Clouds cloak and darken the morning sky as though it's earlier than it really is. Hazelle fell asleep listening to torrents pounding on the roof and awoke several minutes after her alarm clock sounded. Now she hurries down the pathway from the house as she chews the last bit of her slice of bread smeared with goat butter.

Haymitch never gave her a set work schedule but Hazelle holds herself to one anyway, and she's a little late today. It took a few long days that first week to clear the house of its mess, and now it only takes a few hours to keep the house in order. But she'd rather start sooner than end later.

Until a few days ago, she would pause her work to discuss what the workers needed with Haymitch and how to go about it.

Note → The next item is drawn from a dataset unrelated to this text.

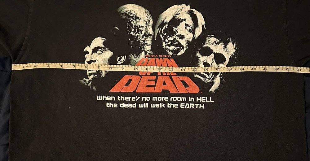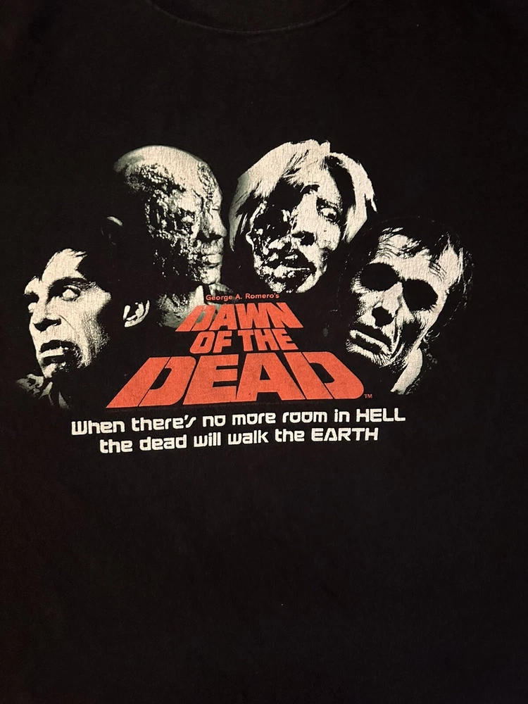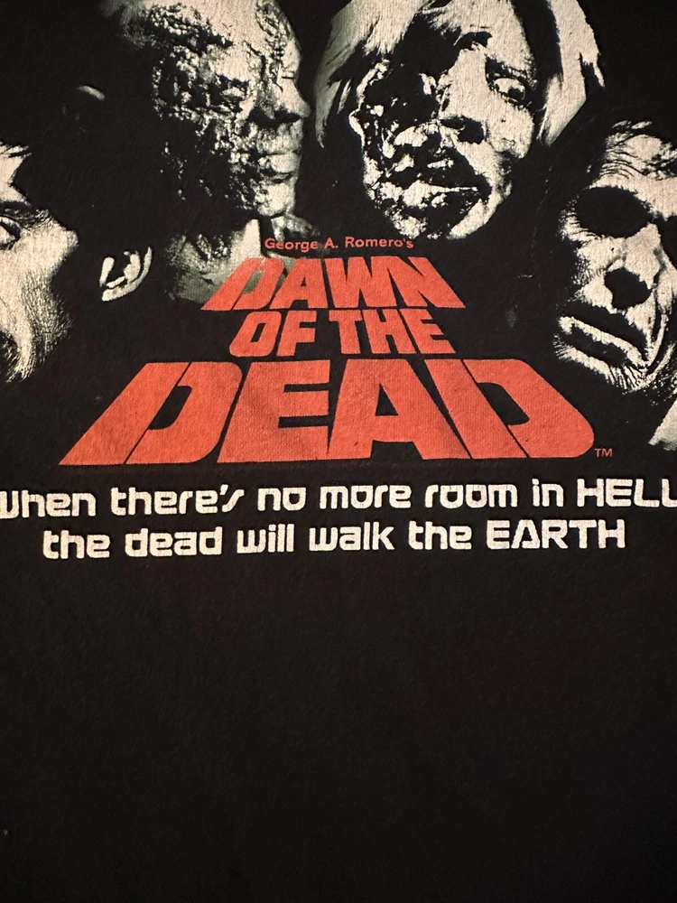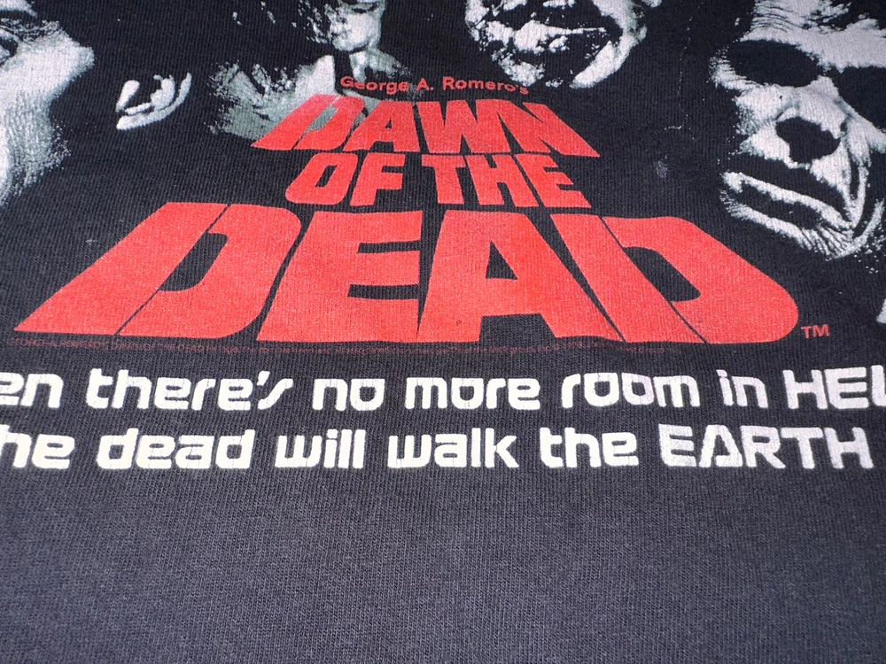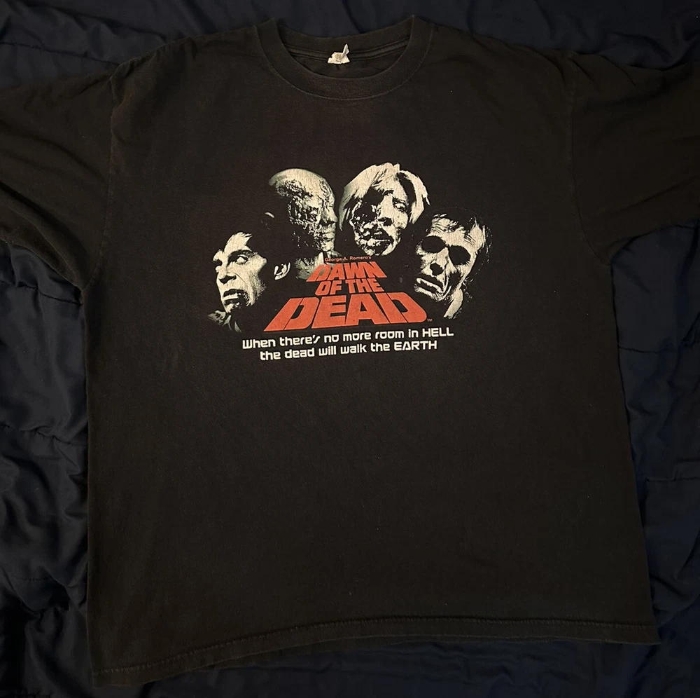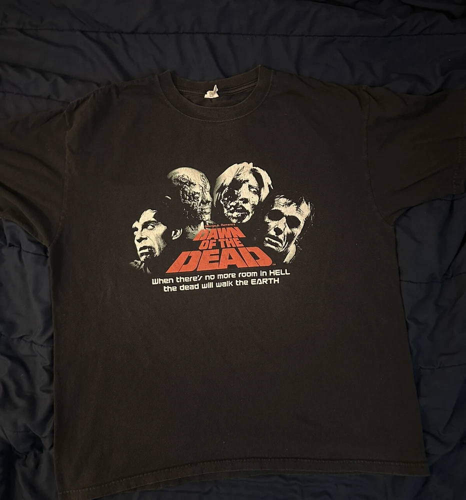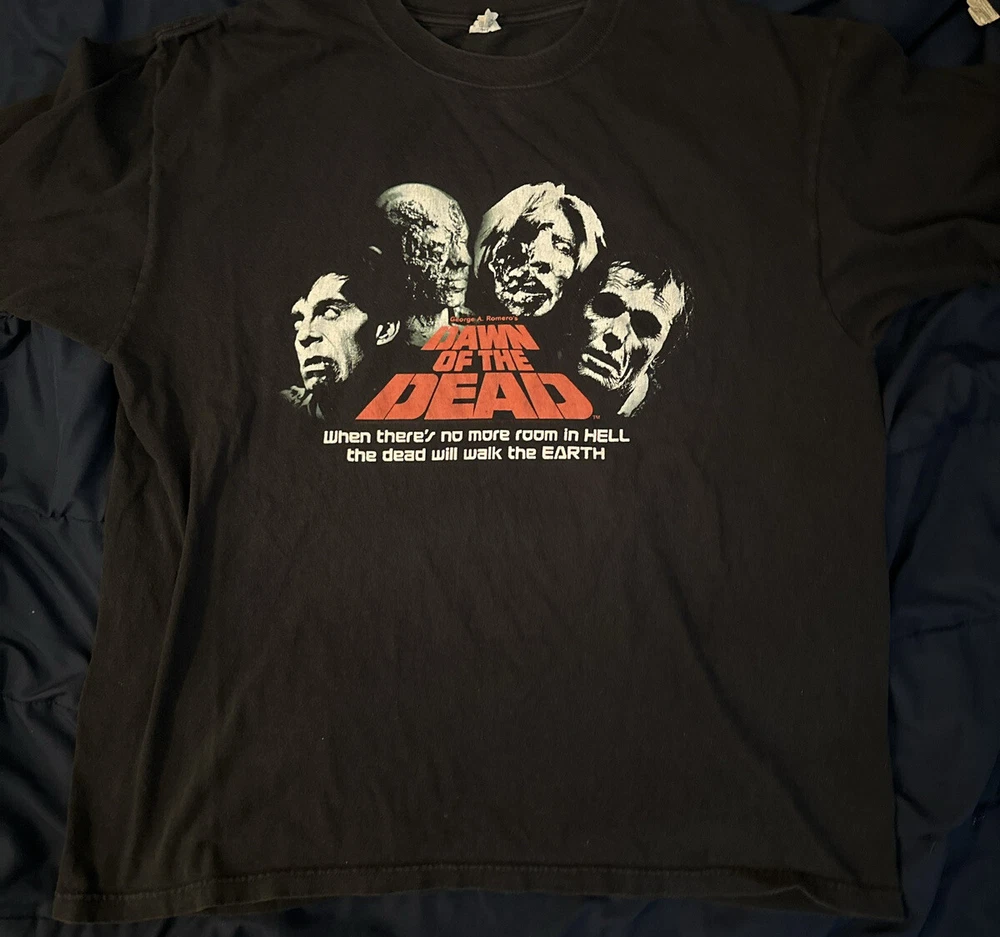 Experience the nostalgia of the early 2000s with this vintage zombie movie t-shirt featuring the iconic "Dawn of the Dead" film promo art. Made from comfortable cotton fabric, this black anvil t-shirt is perfect for fans of horror movies and vintage fashion. The graphic print showcases the classic artwork from the film, making it a must-have for collectors and enthusiasts alike. This crew neck t-shirt comes in size XL and features short sleeves, making it ideal for summer wear. The shirt is easy to care for and is machine washable. Whether you're a fan of horror movies, vintage fashion, or just looking for a unique addition to your wardrobe, this t-shirt is sure to impress.

She liked those days, drinking coffee with him and leaving the house cleaner with food for her children and a mission to help the community. Then, Haymitch began to venture down to the construction site himself to meet with the supervisors there, and he doesn't ask much of Hazelle anymore. She expected as much but still feels disappointed; it was refreshing to help in a way she normally doesn't.

Gale said it was people like Hazelle who would rebuild the district. She's sure he meant the diligent laborer type; all she was contributing then was mended clothes and one man's clean house. Now Hazelle can say a bit more than that, how she directed the new teams of workers into spare rooms throughout the Village and eased their transition to Twelve's underwhelming condition. She wishes Gale knew that.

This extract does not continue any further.